In the course of human history associations of every type have come into existence; many still continue to flourish while others merely abode their little hour and went their way. The organizations which we have today, including the family, the school, the church, the community, the state, are among those that have survived. Those that succumbed during the long journey down the ages would make a formidable list. Who ever hears nowadays of the totem-kin, the clan, or the gens? Where do we now find tribunes, praetors, augurs, and triumvirates? Absolute monarchy, as a form of government, once held sway over most of the world. But democratic government entered into competition with it, and as there was not room enough for both, one crowded the other off the stage. The great mediaeval institution of feudalism dominated the rural life of Europe for more than five hundred years, but the last relics of feudal tenure have practically all been swept away. The trade guilds of the olden days, the orders of nobility, the crowns and coronets, the soothsayers and the alchemists—all of them have disappeared or are rapidly disappearing. The beaches of history are strewn with the wrecks of social and political institutions. Some others, like the hereditary peerages of a few European countries, are barely able to keep afloat. The institutions which survive and flourish are the ones that have been found best fitted to survive.

Importance of the family.

The Fundamental Social Group.—In human society the foundation-group is the family. Human beings are social by nature; the motive which draws people together is so universal that we call it a natural instinct. Individuals do not live in isolation. Nobody leads the hermit type of life if he can avoid it. Robinson Crusoe was not on his little island because he wanted to be there. Even among the least civilized races of men, among savage tribes, there is a grouping of men, women, and children on the basis of blood relationship. The family, as a unit, is older than either the state or the community. It is the foundation upon which other groups and organizations have been built, hence it is rightly called the “social microcosm” or basis of society.

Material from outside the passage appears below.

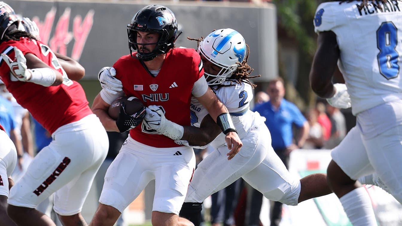 Northern Illinois Huskies quarterback Ethan Hampton (2) rushes the ball against Buffalo Bulls linebacker Red Murdock (2) during the first half at Huskie Stadium on Sept. 21, 2024. (Mike Dinovo/Imagn Images)
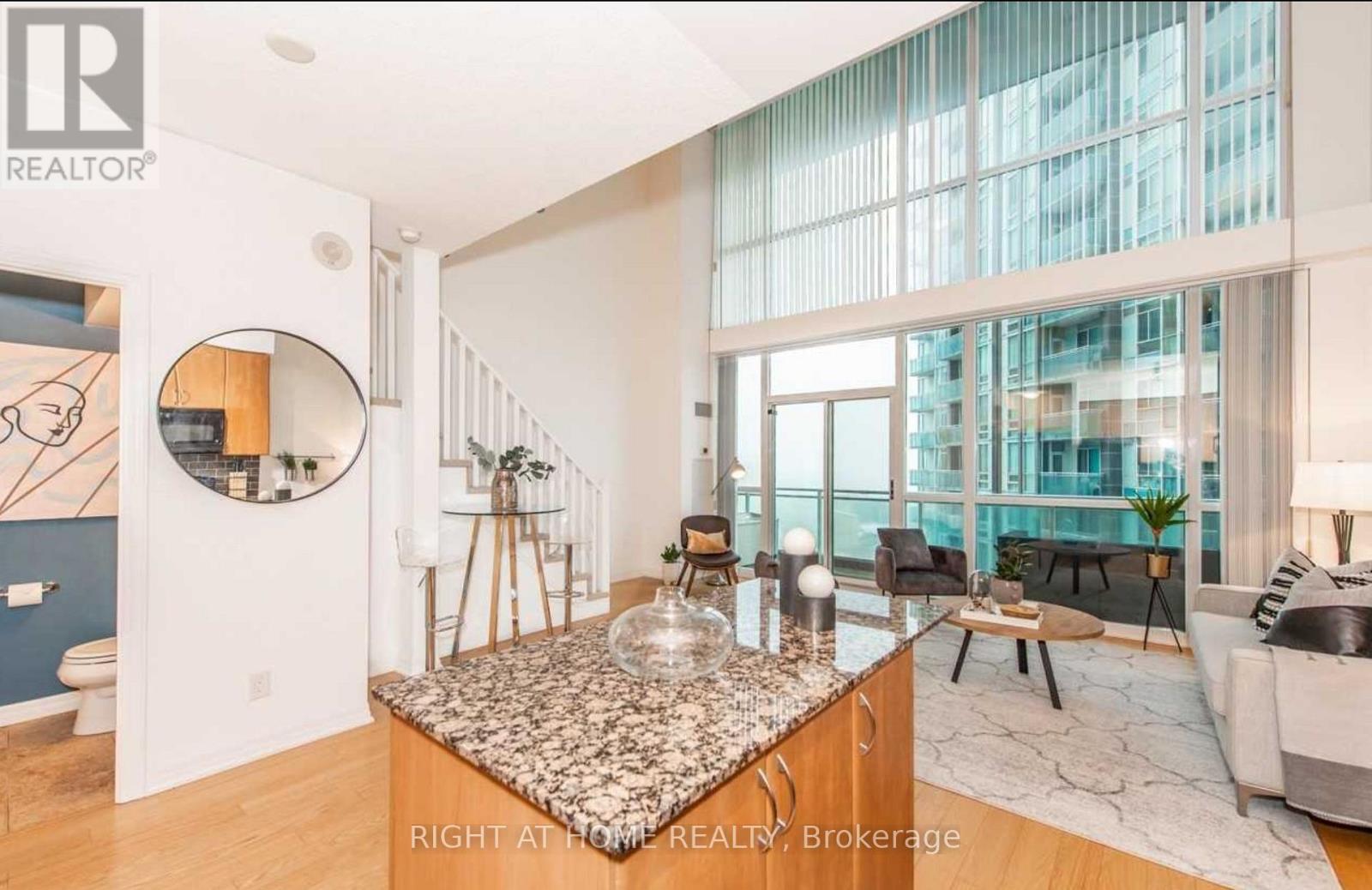 Bright 1 bedroom + den loft in the heart of Mississauga. Luxury corner unit featuring a functional layout with spacious den ideal for WFH , soaring open-to-above living room, and open-concept kitchen perfect for entertaining. Second-level primary bedroom with private ensuite and walk-in closet. Enjoy city views from the private balcony with space for patio furniture. Includes underground parking and large locker. Located in the highly sought-after Onyx building offering premium amenities: gym, yoga studio, pool, sauna/steam room, indoor & outdoor hot tubs, rooftop lounge, and BBQ gardens. Steps to Square One, transit, highways, schools, and more. (id:4555)

The function of the family.

The primary function of the family is to keep the human race in existence. Its first duty is the rearing of children so that a new generation may take the place of the old. Other duties that belong to the family may be handed over to the school (the duty of secular education) or to the church (the duty of religious instruction); but the primary function of the family, that of perpetuating the race, is one which cannot be transferred.

The whole stream of human life flows through the family organization. The same virtues which make for harmony in the household,—obedience, co-operation, loyalty, and service,—are the ones which mark good citizenship; therefore the home is the primary school of all the civic virtues. For this reason the collapse of the home and of home life would be nothing short of a human catastrophe.